- Born: Beatrice Fox July 17, 1887 Hartford, Connecticut, U.S.
- Died: November 29, 1968 (age 81) Hartford, Connecticut, U.S.
- Occupation: Businesswoman
- Known for: President and director of G. Fox & Co.
- Spouse: George Auerbach ​(m. 1911)​
- Children: 2
- Family: Gerson Fox (grandfather)

= Beatrice Fox Auerbach =

American philanthropist (1887–1968)

Beatrice Fox Auerbach (July 17, 1887 – November 29, 1968) was an American philanthropist, educator, labor reform pioneer, and president and director of G. Fox & Co. from 1938 to 1959. Upon her father's death in 1938, she took over the Hartford, Connecticut-based G. Fox & Co. Under her stewardship, it became the largest department store in New England.

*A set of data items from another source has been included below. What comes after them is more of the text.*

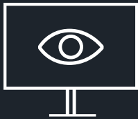
Video Monitoring and Review
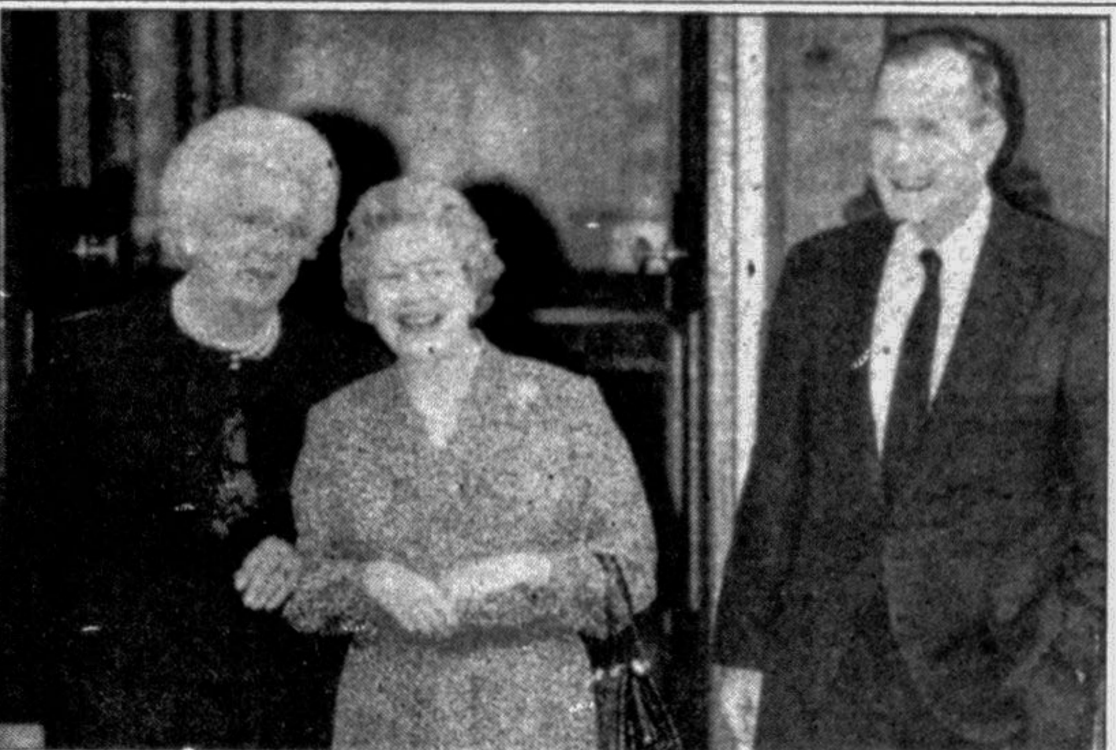
Britain's Queen Elizabeth II (C) shares a joke with former US President George Bush and his wife Barbara Tuesday in London, after Bush had been awarded an honorary Knight Grand Cross of the Order of the Bath by the Queen at a private lunch.
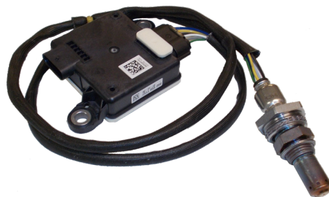
JEEP WALKER # 1004-1028 2017-2019

While executive of this enterprise she also led the nation in labor reform programs such as the 40-hour work week and a retirement program. As a female executive, she recognized the importance of educating women in business and management. From 1938 to 1959, she made her store available to the Connecticut College for Women (now Connecticut College) as a training program for retail education. After creating the Beatrice Fox Auerbach Foundation, she began extensively investing her time in various philanthropies. In 1945, she established the Service Bureau for Women's Organizations. After 29 years as an executive, she sold the business to the May Company in 1965. Auerbach died in Hartford on November 29, 1968. She was inducted into the Connecticut Women's Hall of Fame in 1994.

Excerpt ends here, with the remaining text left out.